Run this command in your terminal! It downloads stopwords for the nltk library.

python -c "import nltk; nltk.download('stopwords')"

Here we have some new imports! We will need unicodedata to standardize our text characters, re (regex library) to remove special characters, and many items from the nltk (natural language toolkit) library to remove stopwords and stem/lemmatize our text.

In [1]:
import pandas as pd

import unicodedata
import re

import nltk
from nltk.tokenize.toktok import ToktokTokenizer
from nltk.corpus import stopwords

In [2]:
nltk.download('wordnet')

[nltk_data] Downloading package wordnet to
[nltk_data]     /Users/jongarcia/nltk_data...
[nltk_data]   Package wordnet is already up-to-date!


True

We will work with an explanation of string theory from my website. It has special characters and long words, which will help us visualize the effects our operations have on text data!

In [3]:
data = "Advanced: String theory is a mathematical framework that proposes to be a theory of quantum gravity, seeking to reconcile general relativity (which describes gravity on a large scale) and quantum mechanics (which describes the behavior of particles at a microscopic level). It introduces the idea that the fundamental building blocks of the universe are not particles, but rather one-dimensional strings of energy. These strings can vibrate at different frequencies, giving rise to different types of particles and forces. String theory also requires the existence of additional dimensions beyond the three spatial dimensions we are familiar with, which are compactified or curled up into tiny sizes."

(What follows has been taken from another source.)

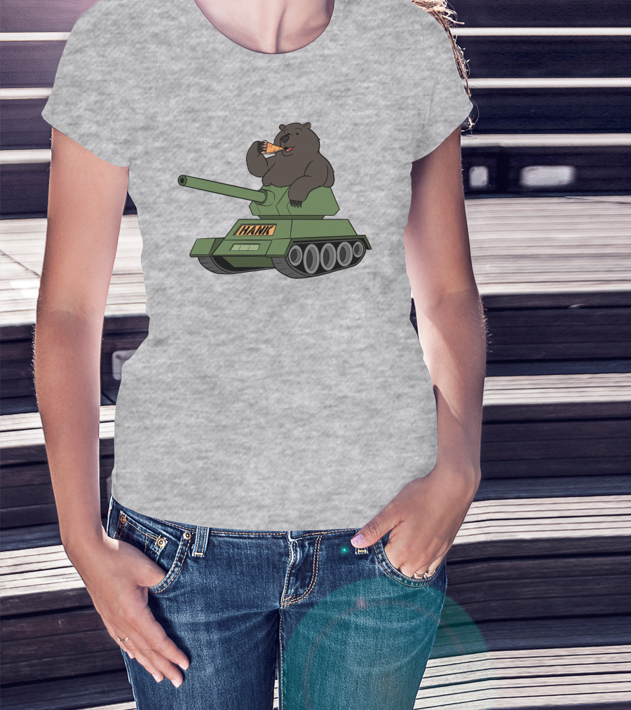 Bear Eating Pizza On A Tank With Hank Text T-Shirt
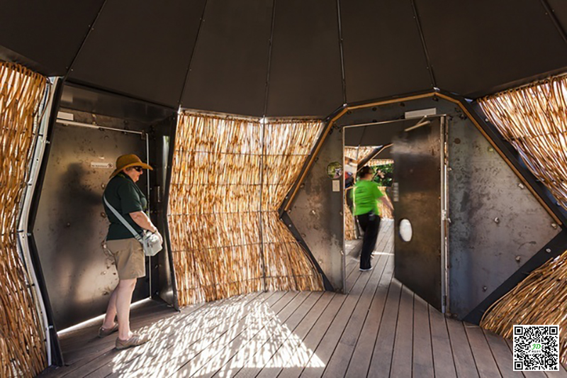 该三层的结构通过金属和藤蔓混制,与人工创造的自然雨林环境相一致,又富含对孩子的教育意义,与其它区域所用的材料一起搭配构成了该项目的整体设计。同时,这些材料也是现代动物园设计的必备元素。

Let's start off by converting all text to lowercase.

In [4]:
data = data.lower()
data[:100]

'advanced: string theory is a mathematical framework that proposes to be a theory of quantum gravity,'

Now we can go through a series of steps to remove some special characters, such as accented characters in other languages. We may not see much of an effect with this particular example.

In [5]:
data = unicodedata.normalize('NFKD', data)\
    .encode('ascii', 'ignore')\
    .decode('utf-8', 'ignore')

data[:100]

'advanced: string theory is a mathematical framework that proposes to be a theory of quantum gravity,'

Let's use the regex library to substitute out all characters we don't want.

In [6]:
data = re.sub(r"[^a-z0-9'\s]", "", data)
data[:100]

'advanced string theory is a mathematical framework that proposes to be a theory of quantum gravity s'

In [7]:
def basic_clean(data):
    # Convert the text to lowercase
    data = data.lower()
    
    # Normalize the text by removing any diacritical marks
    data = unicodedata.normalize('NFKD', data)\
        .encode('ascii', 'ignore')\
        .decode('utf-8', 'ignore')
    
    # Remove any characters that are not lowercase letters, numbers, apostrophes, or whitespaces
    data = re.sub(r"[^a-z0-9'\s]", "", data)
    
    # Return the cleaned data
    return data


In [8]:
data = basic_clean(data)
data[:100]

'advanced string theory is a mathematical framework that proposes to be a theory of quantum gravity s'

We can create an instance of the ToktokTokenizer object and use it to tokenize our data. This doesn't have a visual effect.

In [9]:
tokenizer = ToktokTokenizer()

data = tokenizer.tokenize(data, return_str=True)

data[:100]

'advanced string theory is a mathematical framework that proposes to be a theory of quantum gravity s'

Let's retrieve a list of stopwords from the nltk library. As you can see, the words in the stopwords list are common words we use in English, but they don't contribute much meaning to a sentence.

In [16]:
stopwords_list = stopwords.words('english')
stopwords_list[:10]

['i', 'me', 'my', 'myself', 'we', 'our', 'ours', 'ourselves', 'you', "you're"]

In [17]:
# extra_words = ['theory', 'framework']
# exclude_words = ['is', 'that']

extra_words = ['theory', 'framework']
exclude_words = ['me', 'my']

stopwords_list.extend(extra_words)

for word in exclude_words:
    if word in stopwords_list:
        stopwords_list.remove(word)


stopwords_list[:4], stopwords_list[-4:] 

(['i', 'myself', 'we', 'our'], ['wouldn', "wouldn't", 'theory', 'framework'])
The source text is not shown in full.